We outgrew our 17' Casita bunk bed model and sold it. We're currently stationed overseas. Looking to get into a new RV when we return and we have plenty of time to research and even order one to be ready for us.

I love fiberglass campers, but every layout I'm finding, the kids (who will be 11 and 13) will need to make the dinette every evening for their bed. Plus we now have an 85 pound Weimaraner dog. I'm also imagining them trying to sleep in while my wife and I are trying to have breakfast.

I've been looking at Escape 21, 5.0TA, Bigfoot 25, etc.
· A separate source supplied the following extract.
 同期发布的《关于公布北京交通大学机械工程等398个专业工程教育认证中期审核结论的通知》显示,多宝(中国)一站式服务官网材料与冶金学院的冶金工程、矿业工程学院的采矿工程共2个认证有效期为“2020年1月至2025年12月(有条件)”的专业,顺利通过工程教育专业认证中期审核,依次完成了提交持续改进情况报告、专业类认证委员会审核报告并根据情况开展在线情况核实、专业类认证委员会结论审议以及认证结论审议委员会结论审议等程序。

There's no weight limit as I don't have a truck yet and can buy whatever we need (F150 or F350 depending on what we get).

I've read about folks saying "make them sleep in a tent", but I don't like that idea. Especially if the weather is bad.
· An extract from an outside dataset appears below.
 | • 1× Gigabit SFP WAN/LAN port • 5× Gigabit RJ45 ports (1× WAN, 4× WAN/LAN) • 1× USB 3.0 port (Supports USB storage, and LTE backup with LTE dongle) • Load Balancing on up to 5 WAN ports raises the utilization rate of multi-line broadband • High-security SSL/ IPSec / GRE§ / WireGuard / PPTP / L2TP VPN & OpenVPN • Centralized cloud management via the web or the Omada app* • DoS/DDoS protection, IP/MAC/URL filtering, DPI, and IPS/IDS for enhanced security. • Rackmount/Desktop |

My other idea, which I don't like the thought of, is a "stick built" trailer. At least outdoorsRV has a decent reputation and 4 season build. They have 2 models that have bunks plus a slide out dinette. The boys get their own space and we can eat when we want. Dry bath is a nice feature too. There's a 23' model which is bunks plus dinette, then a 28' that adds a 2 person couch and more main room space. But that would require leaving the fiberglass family at least until the boys are grown up and off to college, then we can downsize.

Thoughts from anyone who's gone down this route before?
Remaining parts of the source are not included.